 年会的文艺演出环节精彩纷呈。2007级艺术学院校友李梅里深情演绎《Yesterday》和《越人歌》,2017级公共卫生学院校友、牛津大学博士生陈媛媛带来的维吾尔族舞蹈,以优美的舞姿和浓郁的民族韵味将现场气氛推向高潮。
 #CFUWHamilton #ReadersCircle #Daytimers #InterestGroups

==

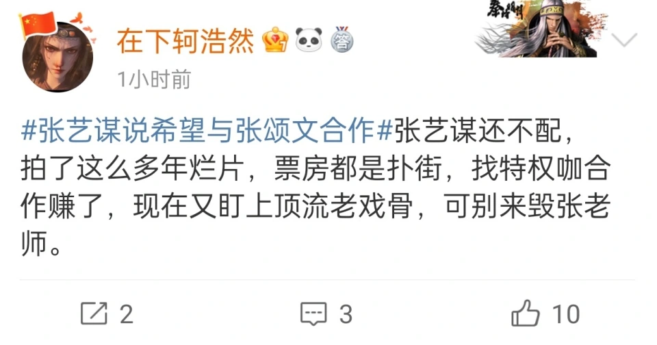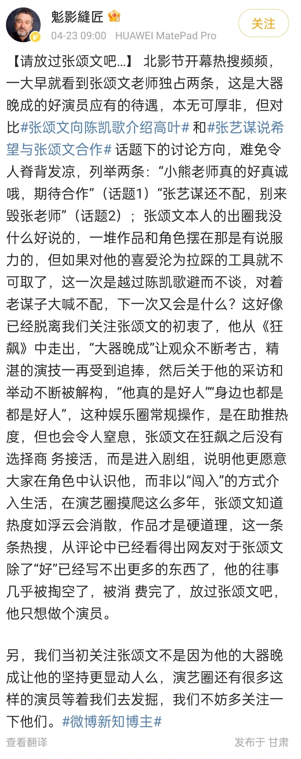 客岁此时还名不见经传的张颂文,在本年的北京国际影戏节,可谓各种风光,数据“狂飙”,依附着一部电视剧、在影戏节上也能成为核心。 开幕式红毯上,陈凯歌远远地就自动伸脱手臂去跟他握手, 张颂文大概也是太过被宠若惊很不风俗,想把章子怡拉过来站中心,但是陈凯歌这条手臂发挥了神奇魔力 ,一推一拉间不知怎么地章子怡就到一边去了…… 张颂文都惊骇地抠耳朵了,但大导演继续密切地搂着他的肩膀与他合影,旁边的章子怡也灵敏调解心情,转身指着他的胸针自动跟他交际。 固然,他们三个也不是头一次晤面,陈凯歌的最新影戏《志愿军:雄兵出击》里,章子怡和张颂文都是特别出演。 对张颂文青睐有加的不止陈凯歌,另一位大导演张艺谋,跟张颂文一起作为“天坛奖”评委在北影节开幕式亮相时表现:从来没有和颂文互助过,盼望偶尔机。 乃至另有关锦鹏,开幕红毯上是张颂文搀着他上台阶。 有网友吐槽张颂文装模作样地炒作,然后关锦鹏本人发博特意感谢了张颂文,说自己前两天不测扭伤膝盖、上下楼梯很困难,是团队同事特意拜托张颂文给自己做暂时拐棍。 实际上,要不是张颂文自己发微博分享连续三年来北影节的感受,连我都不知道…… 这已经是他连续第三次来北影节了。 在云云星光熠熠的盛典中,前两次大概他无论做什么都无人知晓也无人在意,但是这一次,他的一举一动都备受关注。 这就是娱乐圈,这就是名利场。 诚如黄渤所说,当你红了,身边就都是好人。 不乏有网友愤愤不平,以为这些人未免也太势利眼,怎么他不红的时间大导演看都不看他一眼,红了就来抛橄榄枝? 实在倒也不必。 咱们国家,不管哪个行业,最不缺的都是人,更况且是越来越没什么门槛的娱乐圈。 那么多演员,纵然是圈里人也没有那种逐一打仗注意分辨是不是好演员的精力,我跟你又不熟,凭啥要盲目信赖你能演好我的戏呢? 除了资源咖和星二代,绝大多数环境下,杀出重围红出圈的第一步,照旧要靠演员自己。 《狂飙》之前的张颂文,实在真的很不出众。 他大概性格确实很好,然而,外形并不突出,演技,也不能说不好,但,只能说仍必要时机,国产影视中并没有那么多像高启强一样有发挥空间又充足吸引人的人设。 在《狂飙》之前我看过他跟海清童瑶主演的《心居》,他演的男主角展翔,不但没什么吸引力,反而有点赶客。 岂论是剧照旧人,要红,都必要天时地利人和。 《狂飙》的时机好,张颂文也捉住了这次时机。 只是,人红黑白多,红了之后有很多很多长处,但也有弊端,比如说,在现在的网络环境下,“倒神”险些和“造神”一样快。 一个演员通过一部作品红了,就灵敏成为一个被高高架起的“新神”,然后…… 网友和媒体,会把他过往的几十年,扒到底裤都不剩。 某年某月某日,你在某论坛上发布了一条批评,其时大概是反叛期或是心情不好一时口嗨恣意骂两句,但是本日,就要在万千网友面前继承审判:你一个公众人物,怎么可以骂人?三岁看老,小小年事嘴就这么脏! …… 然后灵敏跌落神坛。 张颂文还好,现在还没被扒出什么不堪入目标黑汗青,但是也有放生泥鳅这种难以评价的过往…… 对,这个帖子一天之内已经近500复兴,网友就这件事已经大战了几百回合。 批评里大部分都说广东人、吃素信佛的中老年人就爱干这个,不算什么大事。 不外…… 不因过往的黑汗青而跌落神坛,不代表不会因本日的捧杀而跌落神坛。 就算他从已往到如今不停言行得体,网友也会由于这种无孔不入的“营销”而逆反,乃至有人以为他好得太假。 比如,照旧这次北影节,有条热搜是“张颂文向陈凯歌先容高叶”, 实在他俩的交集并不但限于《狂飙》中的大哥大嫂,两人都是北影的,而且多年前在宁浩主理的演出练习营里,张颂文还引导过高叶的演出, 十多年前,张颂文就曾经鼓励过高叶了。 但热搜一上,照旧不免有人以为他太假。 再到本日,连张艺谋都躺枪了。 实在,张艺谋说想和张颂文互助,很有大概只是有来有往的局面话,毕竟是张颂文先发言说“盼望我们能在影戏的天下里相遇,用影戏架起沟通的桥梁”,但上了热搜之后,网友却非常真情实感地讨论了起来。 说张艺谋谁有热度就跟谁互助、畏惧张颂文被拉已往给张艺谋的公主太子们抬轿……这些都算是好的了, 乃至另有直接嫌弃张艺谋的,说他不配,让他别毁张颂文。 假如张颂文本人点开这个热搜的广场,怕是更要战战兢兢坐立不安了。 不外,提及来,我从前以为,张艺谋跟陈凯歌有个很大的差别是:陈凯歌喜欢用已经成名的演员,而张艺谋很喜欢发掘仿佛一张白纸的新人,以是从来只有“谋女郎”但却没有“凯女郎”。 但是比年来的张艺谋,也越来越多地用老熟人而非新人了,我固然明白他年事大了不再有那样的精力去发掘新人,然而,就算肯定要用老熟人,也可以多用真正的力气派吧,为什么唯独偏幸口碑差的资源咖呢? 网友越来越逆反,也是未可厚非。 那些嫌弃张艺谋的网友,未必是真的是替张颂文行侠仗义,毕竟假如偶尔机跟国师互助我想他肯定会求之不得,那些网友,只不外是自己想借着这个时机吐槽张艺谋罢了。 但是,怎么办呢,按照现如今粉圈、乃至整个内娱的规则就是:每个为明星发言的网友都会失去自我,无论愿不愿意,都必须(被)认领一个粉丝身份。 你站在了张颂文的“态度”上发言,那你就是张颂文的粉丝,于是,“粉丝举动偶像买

PROBLEM DESCRIPTION. In the entries above, find the line holding "年会的文艺演出环节精彩纷呈。" and the line holding "#CFUWHamilton #ReadersCircle #Daytimers"; print both of them and every line between, exactly, and nothing else.

WRITTEN RESPONSE.
 年会的文艺演出环节精彩纷呈。2007级艺术学院校友李梅里深情演绎《Yesterday》和《越人歌》,2017级公共卫生学院校友、牛津大学博士生陈媛媛带来的维吾尔族舞蹈,以优美的舞姿和浓郁的民族韵味将现场气氛推向高潮。
 #CFUWHamilton #ReadersCircle #Daytimers #InterestGroups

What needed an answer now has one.